> _WHAT NEEDS TO BE DONE_:
Drop the pictures, then repeat every record exactly as it stands.

Data excerpts:
§ §
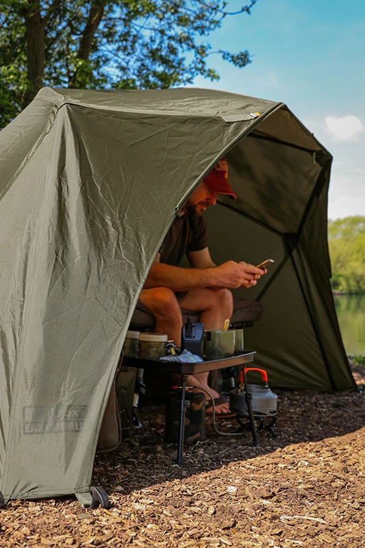 De Fox Easy Brolly is een lichtgewicht en minimalistische brolly met 8000 waterkolom. In een handomdraai opgezet voor korte vistrips of voor wie lichtere spullen wil meenemen!
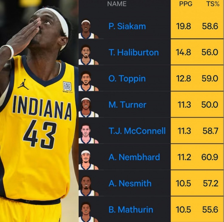 步行者总决赛前6战无人场均得分超20分 但有8人场均得分上双
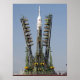 Das Startgerüst wird um die Soyuz-Rakete herum aufgestellt
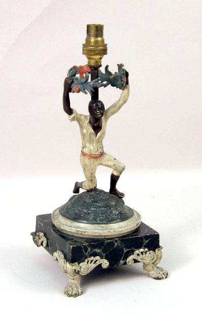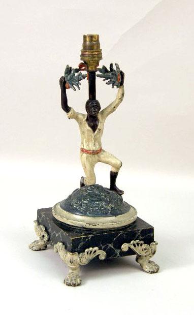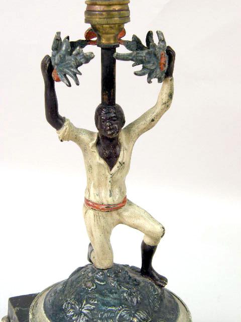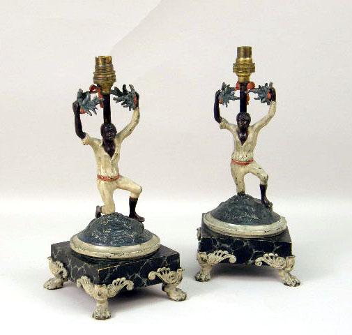 A PAIR OF COLD-PAINTED BRONZE BLACKAMOOR FIGURAL LAMPS
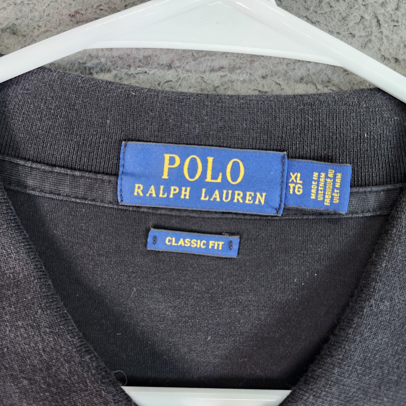 Brand: Polo Ralph Lauren Style: Mens short sleeve polo shirt with a classic collared neckline and button front placket. Color: Solid black. Size on tag: Mens XL (XL/TG), regular size type. Material: Soft midweight knit fabric designed for everyday comfort. Details: White embroidered polo player logo at left chest, ribbed knit collar and sleeve cuffs, straight hem with small side vents, tonal buttons at the placket, and solid back with no additional graphics. Additional info: Labeled Classic Fit on the inner tag; made in Vietnam as indicated on the neck label; versatile basic polo suitable for casual wear or golf.
§ §
> _PROBLEM SOLUTION_:
 De Fox Easy Brolly is een lichtgewicht en minimalistische brolly met 8000 waterkolom. In een handomdraai opgezet voor korte vistrips of voor wie lichtere spullen wil meenemen!
 步行者总决赛前6战无人场均得分超20分 但有8人场均得分上双
 Das Startgerüst wird um die Soyuz-Rakete herum aufgestellt
 A PAIR OF COLD-PAINTED BRONZE BLACKAMOOR FIGURAL LAMPS
 Brand: Polo Ralph Lauren Style: Mens short sleeve polo shirt with a classic collared neckline and button front placket. Color: Solid black. Size on tag: Mens XL (XL/TG), regular size type. Material: Soft midweight knit fabric designed for everyday comfort. Details: White embroidered polo player logo at left chest, ribbed knit collar and sleeve cuffs, straight hem with small side vents, tonal buttons at the placket, and solid back with no additional graphics. Additional info: Labeled Classic Fit on the inner tag; made in Vietnam as indicated on the neck label; versatile basic polo suitable for casual wear or golf.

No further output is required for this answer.